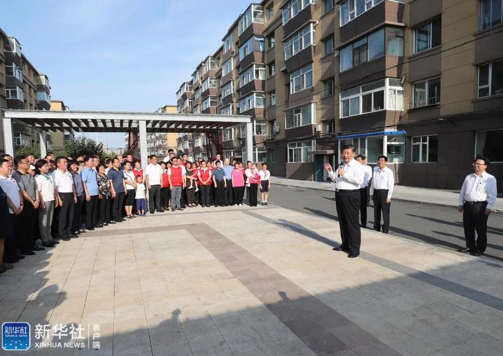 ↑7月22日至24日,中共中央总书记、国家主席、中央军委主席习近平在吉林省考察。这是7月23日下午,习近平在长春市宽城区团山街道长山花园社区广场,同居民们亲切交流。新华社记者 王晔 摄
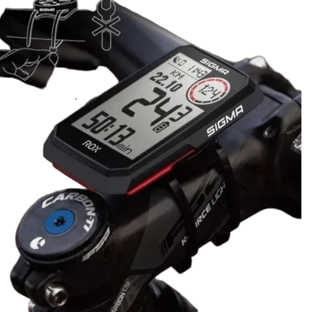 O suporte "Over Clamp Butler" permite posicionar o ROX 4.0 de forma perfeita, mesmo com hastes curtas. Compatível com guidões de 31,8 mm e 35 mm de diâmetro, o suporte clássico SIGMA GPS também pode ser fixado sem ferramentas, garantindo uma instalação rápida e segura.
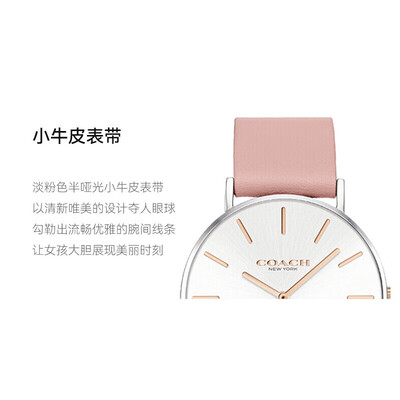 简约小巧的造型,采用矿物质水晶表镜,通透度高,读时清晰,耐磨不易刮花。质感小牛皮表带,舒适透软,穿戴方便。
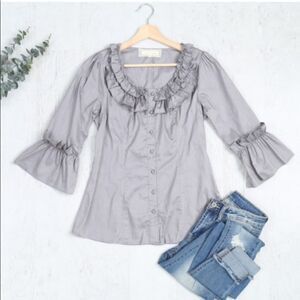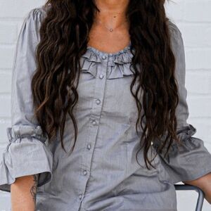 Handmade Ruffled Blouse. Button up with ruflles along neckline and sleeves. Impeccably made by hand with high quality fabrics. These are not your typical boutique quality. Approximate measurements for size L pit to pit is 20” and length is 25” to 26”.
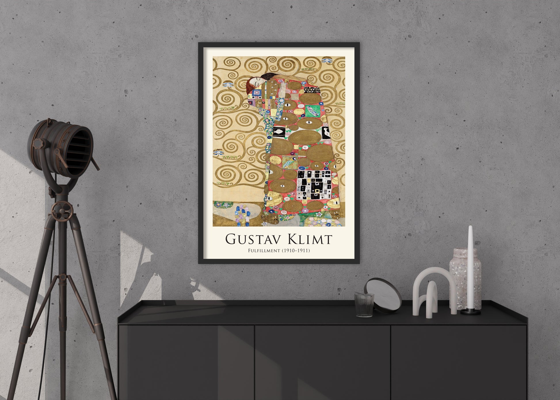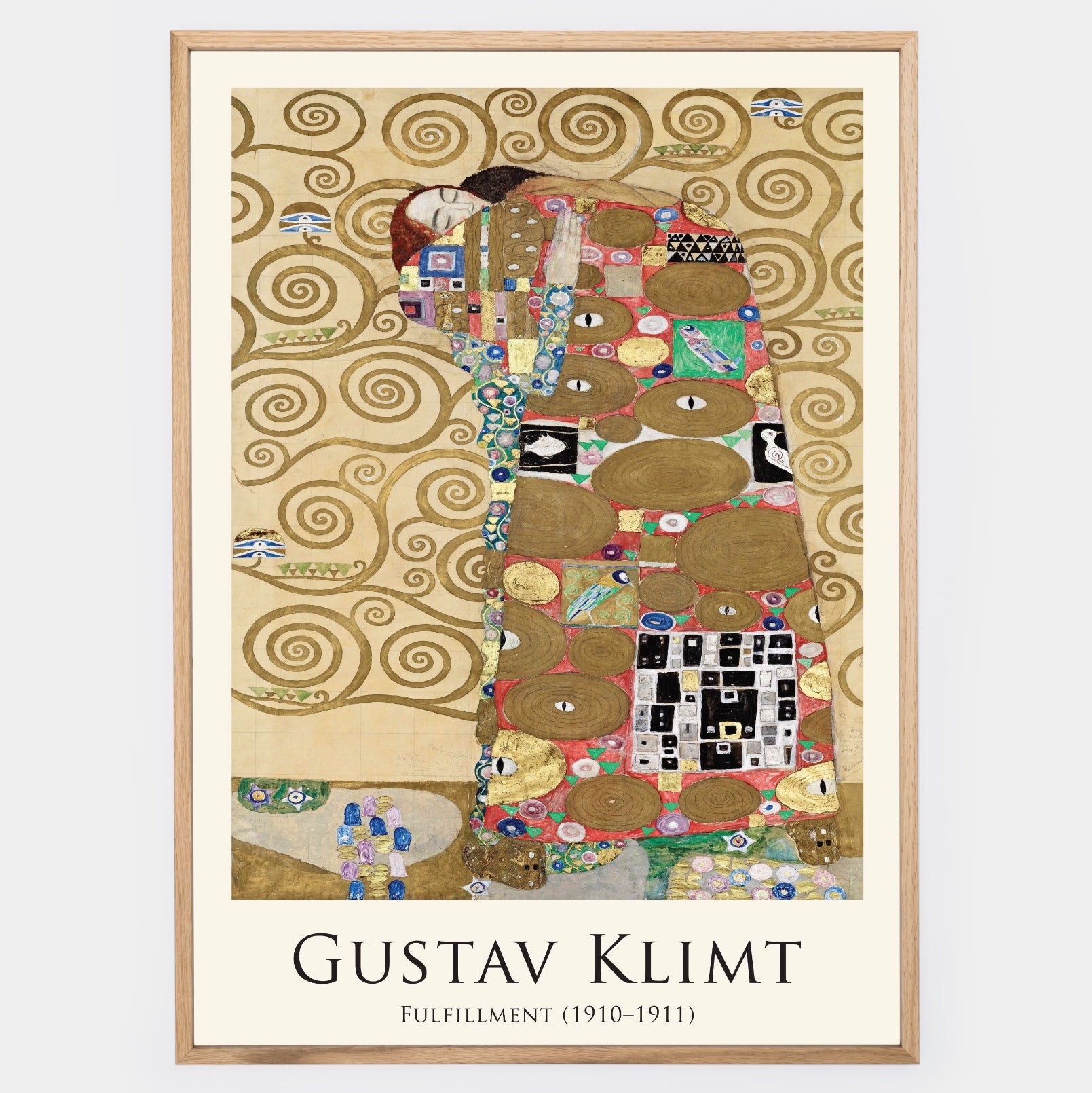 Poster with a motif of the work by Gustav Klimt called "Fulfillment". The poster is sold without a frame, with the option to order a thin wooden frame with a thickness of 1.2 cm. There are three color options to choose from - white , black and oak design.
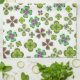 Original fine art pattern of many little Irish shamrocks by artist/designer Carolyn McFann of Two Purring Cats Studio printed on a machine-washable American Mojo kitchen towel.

^^^^

REQUIRED ACTION:
What is needed is an exact copy of all the entries above, minus the pictures.

REPLY TO THE EXERCISE:
 ↑7月22日至24日,中共中央总书记、国家主席、中央军委主席习近平在吉林省考察。这是7月23日下午,习近平在长春市宽城区团山街道长山花园社区广场,同居民们亲切交流。新华社记者 王晔 摄
 O suporte "Over Clamp Butler" permite posicionar o ROX 4.0 de forma perfeita, mesmo com hastes curtas. Compatível com guidões de 31,8 mm e 35 mm de diâmetro, o suporte clássico SIGMA GPS também pode ser fixado sem ferramentas, garantindo uma instalação rápida e segura.
 简约小巧的造型,采用矿物质水晶表镜,通透度高,读时清晰,耐磨不易刮花。质感小牛皮表带,舒适透软,穿戴方便。
 Handmade Ruffled Blouse. Button up with ruflles along neckline and sleeves. Impeccably made by hand with high quality fabrics. These are not your typical boutique quality. Approximate measurements for size L pit to pit is 20” and length is 25” to 26”.
 Poster with a motif of the work by Gustav Klimt called "Fulfillment". The poster is sold without a frame, with the option to order a thin wooden frame with a thickness of 1.2 cm. There are three color options to choose from - white , black and oak design.
 Original fine art pattern of many little Irish shamrocks by artist/designer Carolyn McFann of Two Purring Cats Studio printed on a machine-washable American Mojo kitchen towel.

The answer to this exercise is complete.